Abstract

THIS ESSAY is a minute examination of a piece of criticism by Christopher Ricks of a short poem embedded in Tennyson's In Memoriam.' (We also allude to other works for purposes of comparison.) Our primary aim is to demonstrate the enormous logical richness, complexity-and, very often, the elusiveness-of many critical remarks. We shall argue that certain remarks are not only descriptive, but interpretative, evaluative, and that sometimes these elements can scarcely be separated. We shall show that the ways in which these elements are brought together varies in different remarks and that sometimes we cannot say precisely how they are conjoined. Moreover, we shall also try to show, in opposition to such philosophers as Weitz,2 that no monolithic claims can be made, e.g., about interpretative judgments that they are never true or false, or about descriptive ones that in principle they always are true or false; and against a large number of philosophers of criticism,3 that critical judgments often have a causal dimension.
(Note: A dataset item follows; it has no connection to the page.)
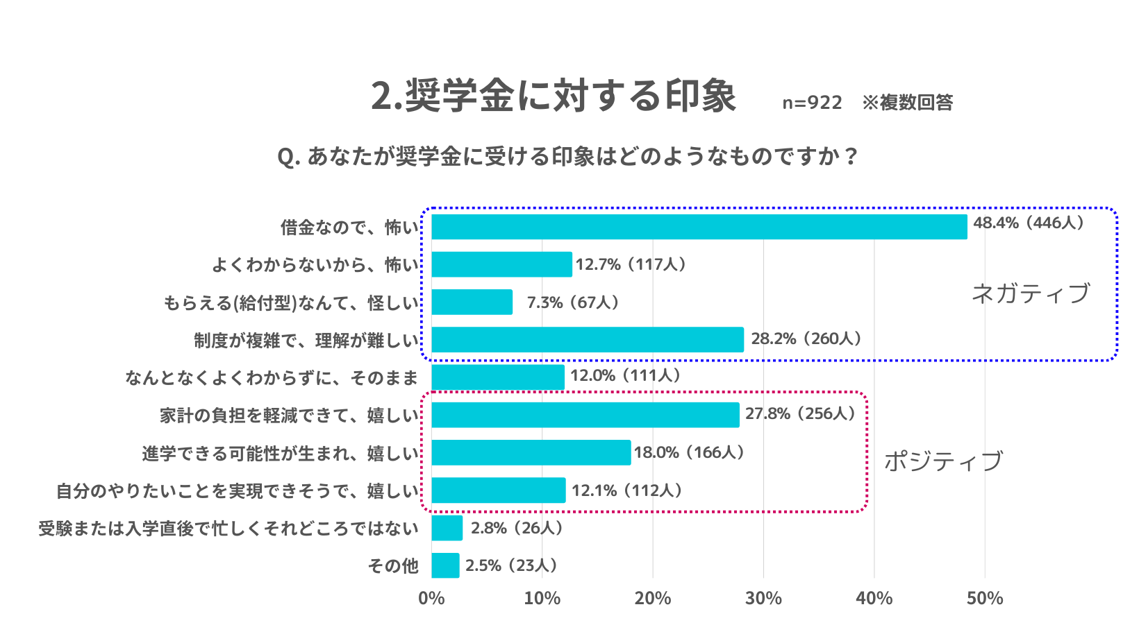 2.【奨学金に対する印象】全体の約半数が「借金なので怖い」と回答、非受給の学生では約7割にものぼる。ネガティブな印象がポジティブな印象を上回る結果に。奨学金に対する偏った印象が奨学金活用へのハードルになっている可能性も

We are especially interested in showing the points at which, and ways in which, critical remarks become untestable, and note that there is often little correspondence between the rhetoric of certain passages in this piece, in particular the tone of confidence adopted, and the problematic status of what is being claimed. This suggests that the author is not always aware of the dubiety of what he is saying, or is responding to a half-awareness with insistence. In either case we are left with the questions: is the interesting and sometimes persuasive remark made by the critic true, and how could we test this? And if this attitude sometimes seems inappropriate, why is this so? Our interest is in the nature and status of criticism as a discipline, and hence is epistemological. It is only indirectly critical; and perhaps we should explain that we have chosen this piece by Ricks because it seems a good representative example of contemrary English criticism; and also a good piece of criticism.